→ **Record set**:
____
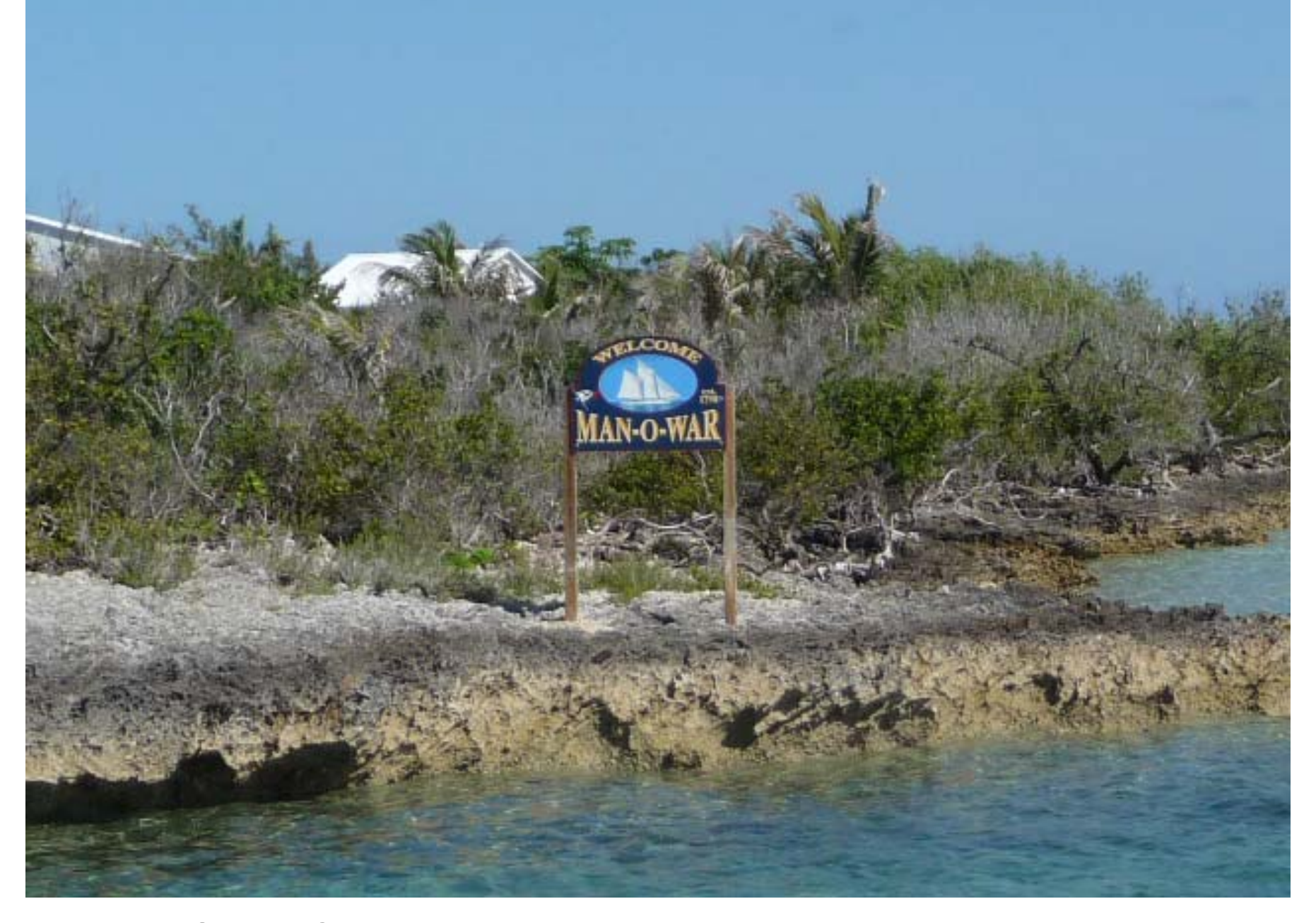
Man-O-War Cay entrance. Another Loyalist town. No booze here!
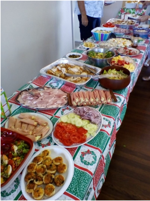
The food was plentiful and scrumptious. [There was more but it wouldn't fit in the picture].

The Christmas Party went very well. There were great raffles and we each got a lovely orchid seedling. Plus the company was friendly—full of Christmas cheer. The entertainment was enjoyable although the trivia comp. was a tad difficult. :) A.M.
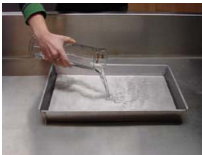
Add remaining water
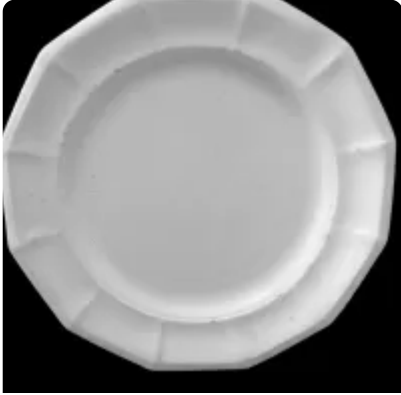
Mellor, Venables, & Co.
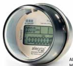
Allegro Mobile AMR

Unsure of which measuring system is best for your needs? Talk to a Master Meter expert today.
____
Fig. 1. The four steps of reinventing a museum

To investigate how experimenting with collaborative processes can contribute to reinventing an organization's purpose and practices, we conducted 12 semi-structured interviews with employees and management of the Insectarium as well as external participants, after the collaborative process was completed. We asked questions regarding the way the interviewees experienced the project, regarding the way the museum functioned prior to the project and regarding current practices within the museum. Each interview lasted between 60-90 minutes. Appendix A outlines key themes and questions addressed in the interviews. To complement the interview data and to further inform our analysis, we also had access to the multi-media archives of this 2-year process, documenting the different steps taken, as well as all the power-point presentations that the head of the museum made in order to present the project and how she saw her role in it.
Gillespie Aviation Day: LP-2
____
→ **Task to complete**:
Search the listing above for lines containing "There", and copy them.

→ **Solution to this task**:
The food was plentiful and scrumptious. [There was more but it wouldn't fit in the picture].
The Christmas Party went very well. There were great raffles and we each got a lovely orchid seedling. Plus the company was friendly—full of Christmas cheer. The entertainment was enjoyable although the trivia comp. was a tad difficult. :) A.M.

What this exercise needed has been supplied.